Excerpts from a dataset
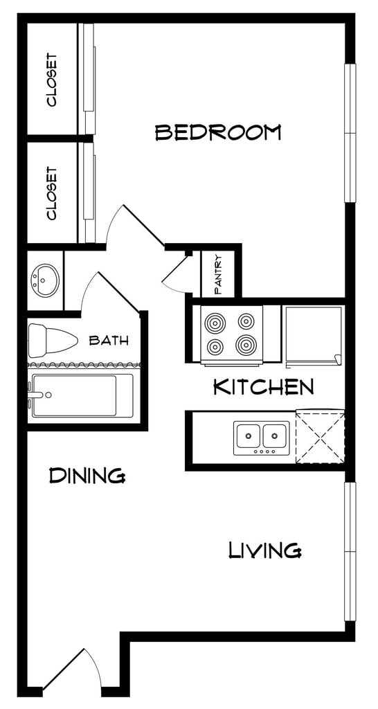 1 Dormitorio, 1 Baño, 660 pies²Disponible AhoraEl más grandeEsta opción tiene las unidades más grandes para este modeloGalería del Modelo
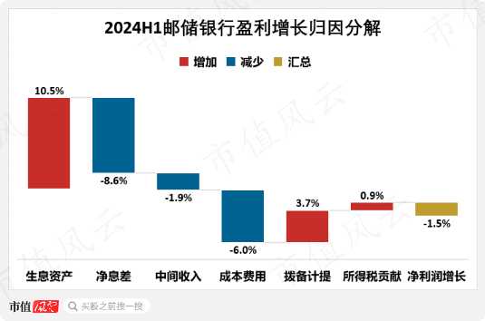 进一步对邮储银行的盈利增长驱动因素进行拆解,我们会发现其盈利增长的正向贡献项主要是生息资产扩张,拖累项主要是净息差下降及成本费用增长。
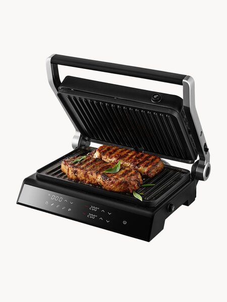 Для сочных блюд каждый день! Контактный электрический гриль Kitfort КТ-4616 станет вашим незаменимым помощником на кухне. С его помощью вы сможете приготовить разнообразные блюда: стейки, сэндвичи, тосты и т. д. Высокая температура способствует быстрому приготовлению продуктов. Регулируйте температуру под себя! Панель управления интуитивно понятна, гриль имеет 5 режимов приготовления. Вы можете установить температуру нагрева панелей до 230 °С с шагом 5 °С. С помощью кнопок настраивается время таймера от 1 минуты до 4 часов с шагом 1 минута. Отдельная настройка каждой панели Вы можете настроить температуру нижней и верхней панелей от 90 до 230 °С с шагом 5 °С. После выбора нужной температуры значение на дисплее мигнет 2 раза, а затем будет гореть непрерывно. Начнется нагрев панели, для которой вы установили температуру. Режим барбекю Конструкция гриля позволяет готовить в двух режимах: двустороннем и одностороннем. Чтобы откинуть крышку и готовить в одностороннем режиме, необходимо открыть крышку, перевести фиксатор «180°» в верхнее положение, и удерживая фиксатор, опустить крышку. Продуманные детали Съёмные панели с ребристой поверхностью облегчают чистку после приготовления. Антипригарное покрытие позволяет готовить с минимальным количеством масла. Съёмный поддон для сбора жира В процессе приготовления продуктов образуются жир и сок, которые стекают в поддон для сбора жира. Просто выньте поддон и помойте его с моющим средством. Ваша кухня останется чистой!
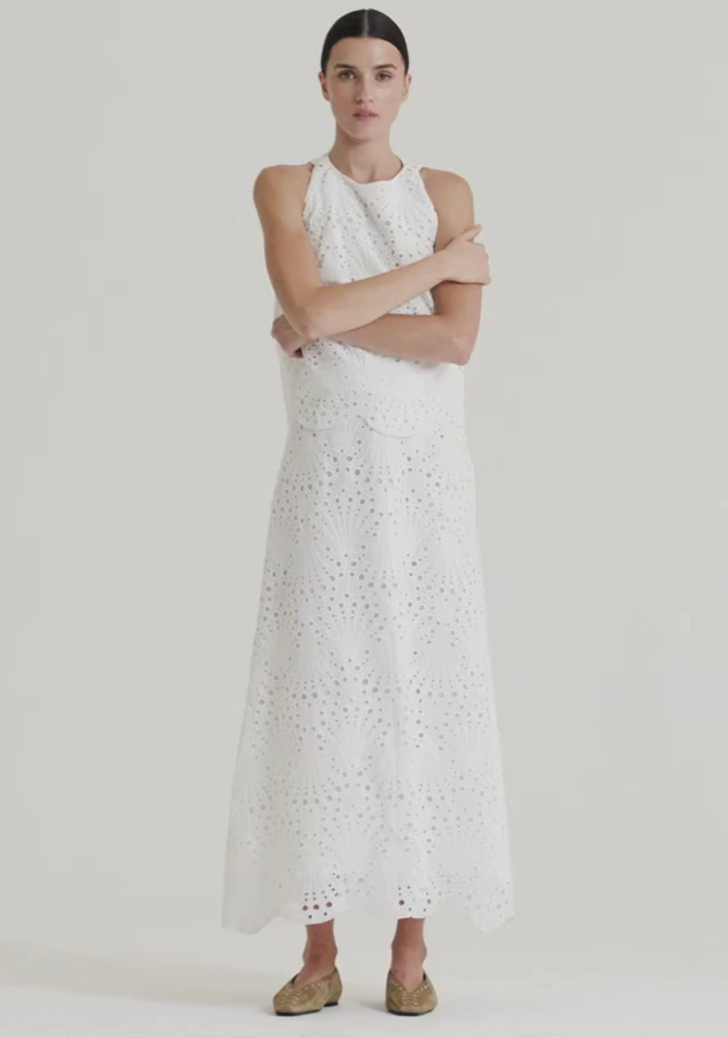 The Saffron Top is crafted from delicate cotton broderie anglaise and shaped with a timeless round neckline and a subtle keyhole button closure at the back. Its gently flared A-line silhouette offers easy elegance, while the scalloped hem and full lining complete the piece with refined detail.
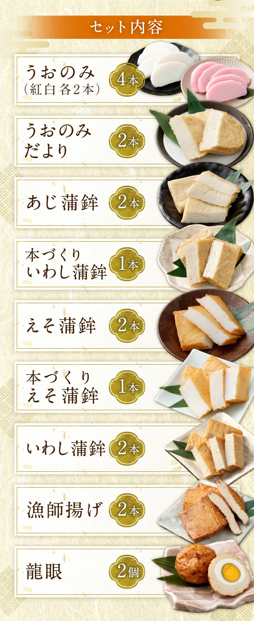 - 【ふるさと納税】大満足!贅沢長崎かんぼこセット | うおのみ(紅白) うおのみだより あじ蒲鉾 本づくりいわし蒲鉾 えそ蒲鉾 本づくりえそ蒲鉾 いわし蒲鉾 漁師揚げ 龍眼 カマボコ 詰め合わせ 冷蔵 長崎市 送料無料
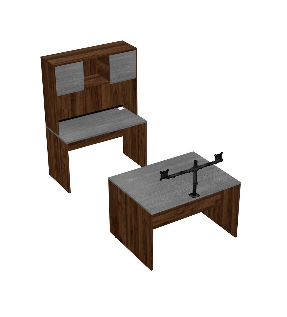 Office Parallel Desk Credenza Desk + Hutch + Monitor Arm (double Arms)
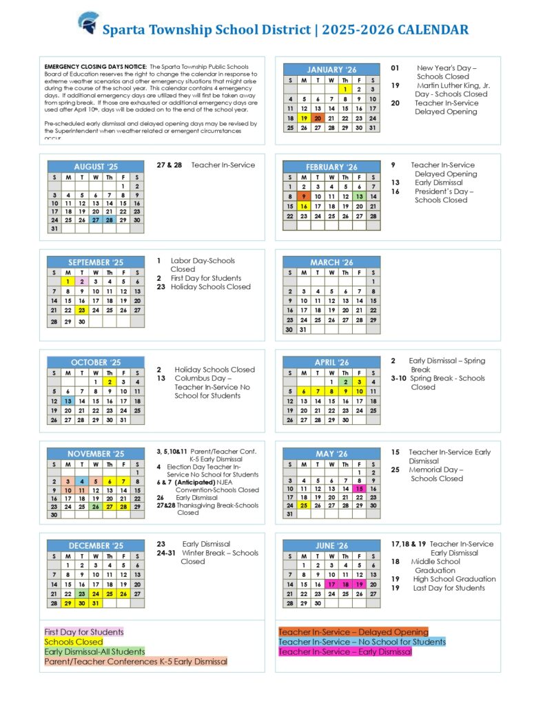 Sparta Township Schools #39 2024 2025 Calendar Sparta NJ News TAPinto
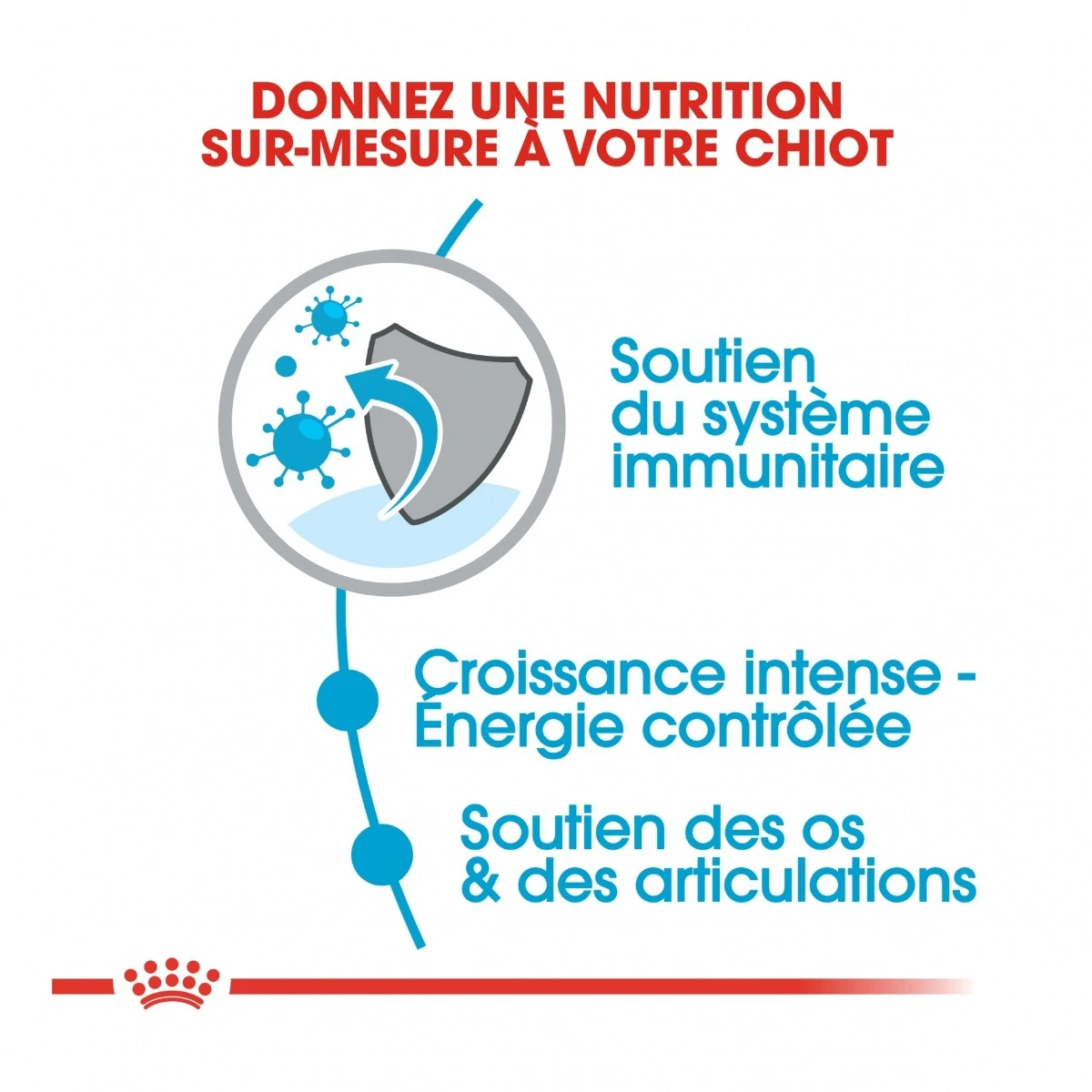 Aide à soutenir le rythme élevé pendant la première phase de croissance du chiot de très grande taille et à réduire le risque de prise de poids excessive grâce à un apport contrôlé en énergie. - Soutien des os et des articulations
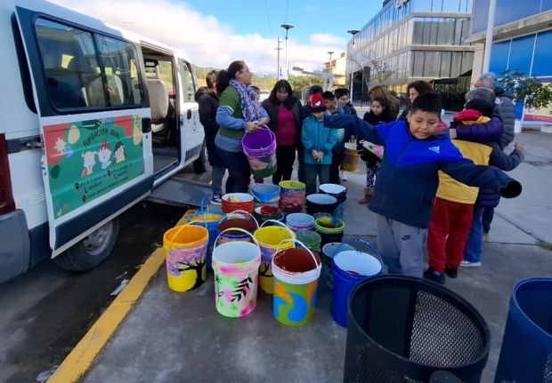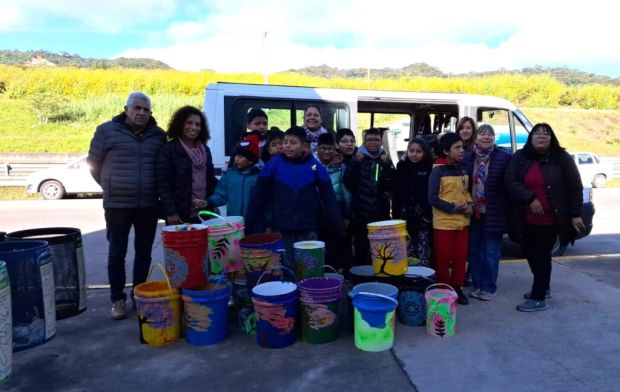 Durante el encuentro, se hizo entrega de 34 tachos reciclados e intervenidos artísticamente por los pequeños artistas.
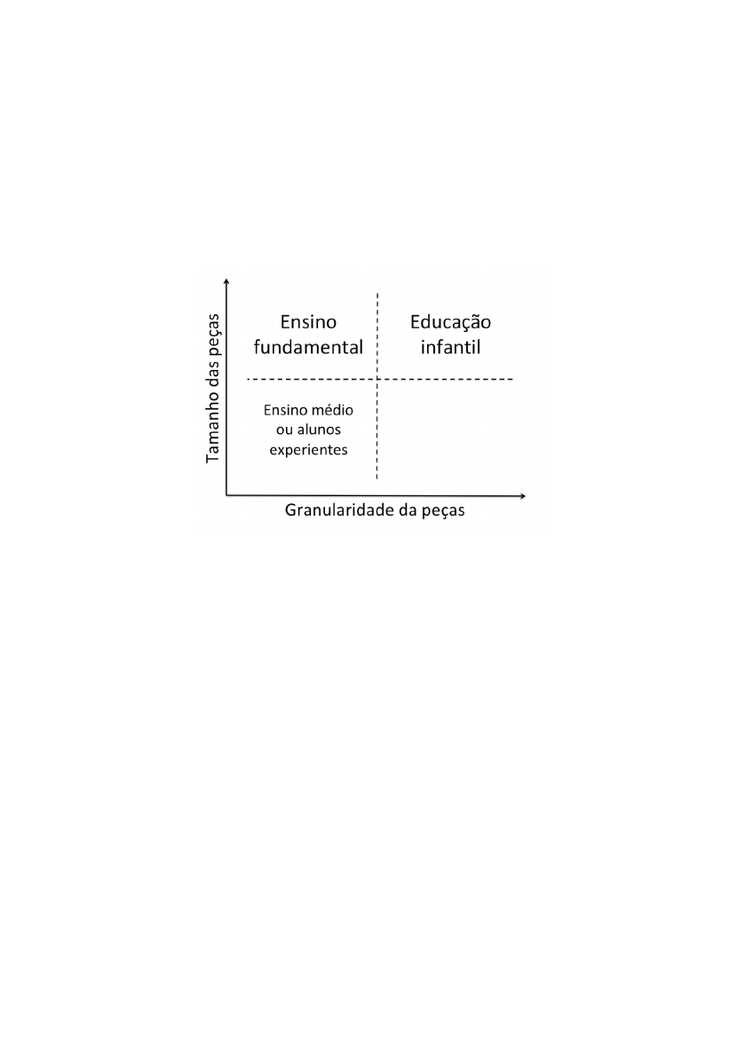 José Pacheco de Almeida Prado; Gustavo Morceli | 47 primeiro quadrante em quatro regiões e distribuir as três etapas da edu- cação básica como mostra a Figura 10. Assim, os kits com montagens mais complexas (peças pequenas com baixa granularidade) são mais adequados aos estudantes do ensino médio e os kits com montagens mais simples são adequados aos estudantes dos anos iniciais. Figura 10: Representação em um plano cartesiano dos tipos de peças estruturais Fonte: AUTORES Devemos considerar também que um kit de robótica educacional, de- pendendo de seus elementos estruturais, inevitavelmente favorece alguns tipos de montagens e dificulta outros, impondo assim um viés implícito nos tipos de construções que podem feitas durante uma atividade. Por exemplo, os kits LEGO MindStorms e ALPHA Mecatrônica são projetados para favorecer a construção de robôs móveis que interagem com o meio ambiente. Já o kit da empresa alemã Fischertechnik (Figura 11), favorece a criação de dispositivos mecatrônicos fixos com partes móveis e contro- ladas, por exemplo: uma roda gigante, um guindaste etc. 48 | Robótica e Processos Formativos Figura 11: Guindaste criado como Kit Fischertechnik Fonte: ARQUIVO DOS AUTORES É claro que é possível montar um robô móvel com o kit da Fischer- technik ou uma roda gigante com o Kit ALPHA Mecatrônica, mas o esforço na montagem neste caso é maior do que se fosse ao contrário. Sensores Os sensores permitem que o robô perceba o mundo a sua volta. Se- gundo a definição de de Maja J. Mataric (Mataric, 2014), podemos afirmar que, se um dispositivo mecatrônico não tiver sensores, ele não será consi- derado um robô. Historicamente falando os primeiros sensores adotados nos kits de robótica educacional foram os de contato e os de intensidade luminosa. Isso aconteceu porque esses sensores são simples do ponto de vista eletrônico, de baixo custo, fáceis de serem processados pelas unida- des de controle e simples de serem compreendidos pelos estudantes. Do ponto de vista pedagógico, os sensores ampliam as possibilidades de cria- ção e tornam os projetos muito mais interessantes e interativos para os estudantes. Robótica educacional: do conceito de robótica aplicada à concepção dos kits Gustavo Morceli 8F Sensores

■ **EXERCISE PROMPT**
Give again, exactly, the lines from the start of the data through the one holding "进一步对邮储银行的盈利增长驱"; omit the pictures.

■ **ANSWER SPACE**
 1 Dormitorio, 1 Baño, 660 pies²Disponible AhoraEl más grandeEsta opción tiene las unidades más grandes para este modeloGalería del Modelo
 进一步对邮储银行的盈利增长驱动因素进行拆解,我们会发现其盈利增长的正向贡献项主要是生息资产扩张,拖累项主要是净息差下降及成本费用增长。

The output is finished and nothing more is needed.